Sergio Pérez's außergewöhnliche Leistung beim Großen Preis von Saudi-Arabien, wo er eine historische Poleposition über Max Verstappen gewann, reichte nicht aus, um die Augen des Sportberaters von Red Bull Racing zu überzeugen, der ihn immer noch als zweiten Fahrer des Teams sieht.
Dies ist Helmut Marko, eine der stärksten Persönlichkeiten des Teams auf Medienebene, und der sich dadurch auszeichnet, dass er in seinen Aussagen sehr hart ist, insbesondere wenn es darum geht, die Fahrer zu kritisieren, da in seinen Worten niemand vor dem Direkten gerettet wird.

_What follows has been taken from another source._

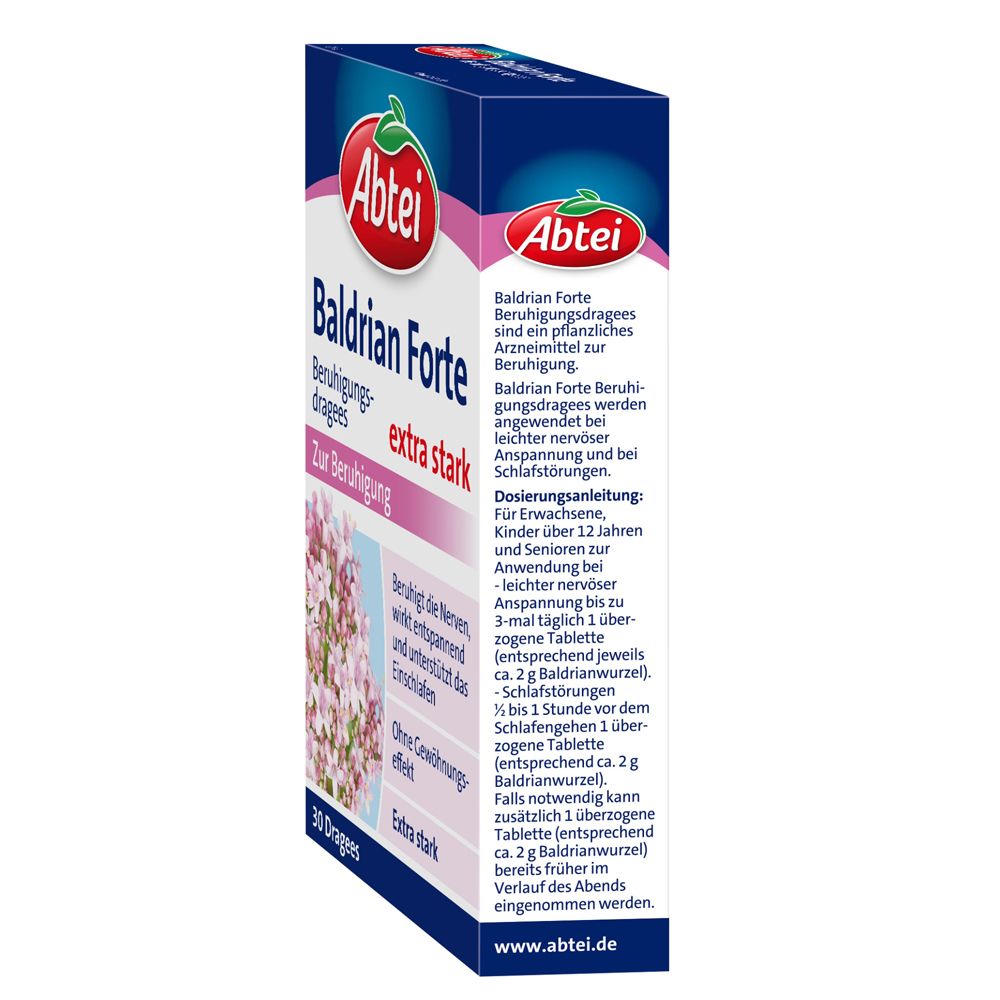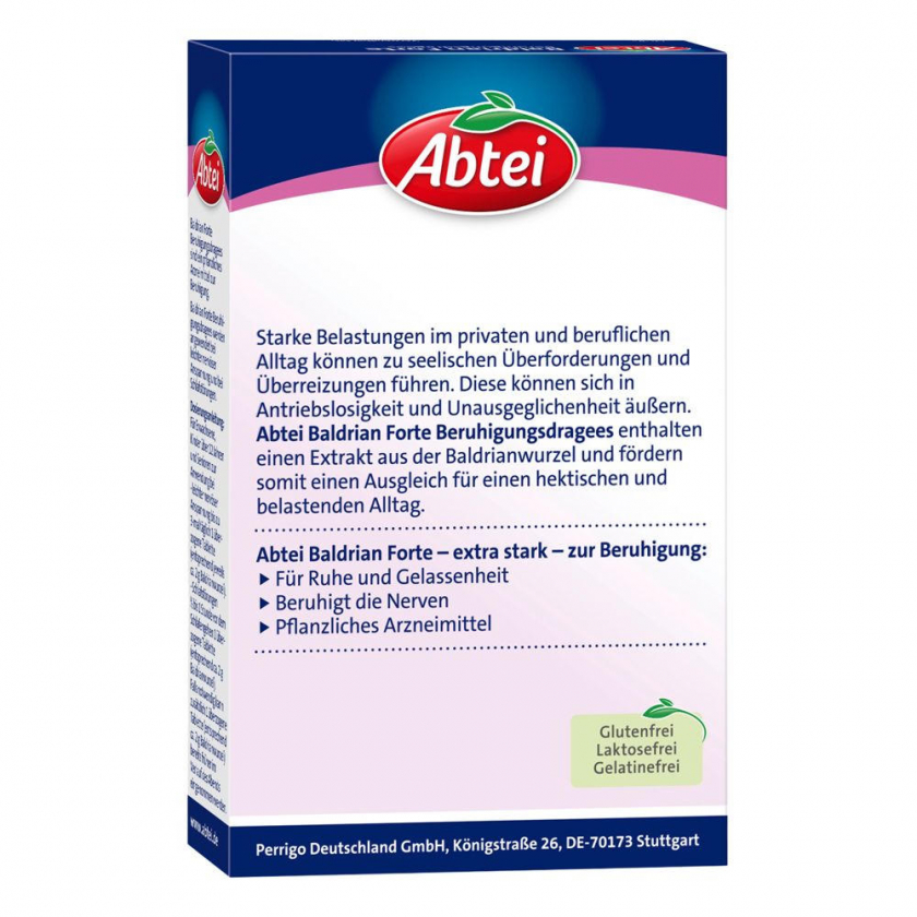 Растительное успокоительное средство Abtei Baldrian Forte на основе экстракта корня валерианы для снятия нервного напряжения, лечения беспокойства и нарушений сна. Не вызывает привыкания, подходит для взрослых и детей старше 12 лет.

Diesmal „kratzte“ er Checo Pérez erneut während eines Interviews für eine Sendung auf dem österreichischen Sender Servus TV, wo er deutlich machte, dass der Mexikaner der zweite Fahrer des Teams ist und dass er unter Max Verstappen liegt.
Während eines Vergleichs mit den Ferrari-Fahrern wurden die Aussagen gemacht, da er erwähnte, dass Charles Leclerc „eindeutig“ wie der Haupttreiber der Italiener über Carlos Sainz aussieht, in einer Situation, die so offensichtlich ist wie die, die sie bei Red Bull haben.
„Leider wird Carlos Sainz nicht das sein, was wir erwartet hatten, als er letztes Jahr Leclerc besiegte. Jetzt ist Leclerc in besserer Verfassung, daher erwarten wir keine Hilfe von Sainz „, sagte Marko in erster Instanz und verurteilte dann mit seinem Hinweis auf Red Bull.
Aufgrund des Multimillionen-Dollar-Vertrags, den Verstappen zu Beginn der Saison angeboten hatte, und weil er der aktuelle Weltmeister ist, wurde davon ausgegangen, dass der Fahrer Nummer eins von Red Bull der 24-jährige Niederländer oberhalb von Checo ist, der gerade sein zweites Jahr in der Österreichische Nationalmannschaft
Unter demselben Tenor verglich er, was im Mercedes-Team passiert, wo er trotz der guten ersten Ergebnisse von George Russell klarstellte, dass er auf keinen Fall zum Niveau des siebenfachen Champions Lewis Hamilton führen wird.
Diese Worte beziehen sich auf ihre Projektion für den Rest der Saison, in der sie hoffen, Zoll für Zoll mit Ferrari zu konkurrieren, mit der Möglichkeit, dass Mercedes irgendwann im Laufe des Jahres aufwacht und sich dem Streit um Siege anschließt.
Helmut Markos indirekter Angriff auf Checo ist nicht der erste, denn in seinem ersten Jahr schlug er ihn auf unterschiedliche Weise an, um Druck auf ihn auszuüben und die bestmöglichen Ergebnisse zu erzielen, bis er schließlich seine Leistung im Energy-Drink-Overall lobte.
Der letzte starke Zusammenstoß mit Perez durch Aussagen kam innerhalb weniger Stunden nach Beginn der Qualifikation für den saudi-arabischen GP, obwohl diese Gelegenheit das Land betraf, aus dem er kam, und die angebliche Ähnlichkeit der Gefahr mit den mutmaßlichen Angriffen in Dschidda.
Da einige Kilometer von der Rennstrecke entfernt ein Drohnenangriff auf ein Aramco-Werk stattfand, das aus der Nähe der Formel 1 ein starkes Feuer verursachte, deutete der Red Bull-Berater an, dass Checo sich keine Sorgen machen sollte, da es sich nicht so sehr von dem unterscheidet, was in Mexiko erlebt wird.
„Max ist etwas entspannter (über den Angriff), Perez hat ein bisschen Angst, aber wenn du in Mexiko-Stadt lebst... Es ist auch nicht weniger gefährlich „, sagte Marko für Sky Sports in einer weiteren seiner mehreren kontroversen Aussagen.